Friday, February 21, 2014

Henry Miller on Writing

I've written about Henry Miller's writing process before, recommending against it. It seems that Miller himself came to understand my critique of the strategy of complete surrender to the muse. The other day, tracing a quote in Deleuze and Guattari's Anti-Oedipus back to the source, I came across this passage:

I was so in love with the idea of being a writer that I could scarcely write. The amount of physical energy I possessed was unbelievable. I wore myself out in preparation. It was impossible for me to sit down quietly and just turn on the flow; I was dancing inside. I wanted to describe the world I knew and be in it at the same time. It never occurred to me that with just two or three hours of steady work a day I could write the thickest book imaginable. It was my belief then that if a man sat down to write he should remain glued to his seat for eight or ten hours at a stretch. One ought to write and write until he dropped from exhaustion. That was how I imagined writers went about their task. (Henry Miller on Writing, p. 36, my emphasis)

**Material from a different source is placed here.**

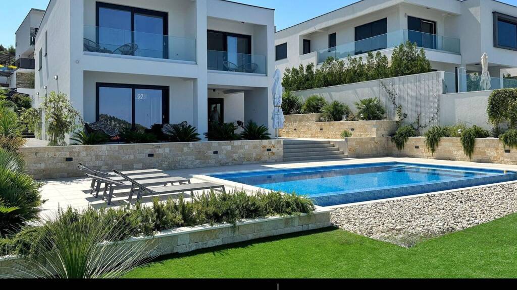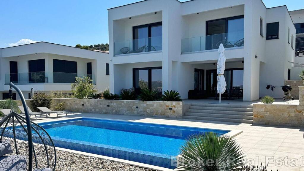 Eine wunderschöne, neu erbaute Villa mit Pool und offenem Meerblick steht zum Verkauf in der Nähe der Stadt Rogoznica, gelegen in einer Sackgasse in einer attraktiven Mikrolage, in der überwiegend moderne Ferienhäuser stehen - nur 100 Meter vom herrlichen Adriatischen Meer entfernt.

He goes on to cite Blaise Cendrars as an example ("Two hours a day, before dawn, and the rest of the day to oneself,"), as well as Rémy de Gourmont, who applied the same strategy to his reading. It suggests the kind of order I wish on all scholars, at least for certain periods of time: three hours of disciplined writing in the morning, three hours of disciplined reading in the afternoon. Then, good food and good company and a few diversions in the evening. Repeat. But never, in any case, those exhausting days of trying to do everything.

"I had no order, no discipline, no set goal," Miller says. "I was completely at the mercy of my impulses, my whims, my desires." He says that this caused him to "overlook the vast reservoir of material I had accumulated during the years", wanting to write instead about "the immediate … something fresh." I know scholars who make the same mistake.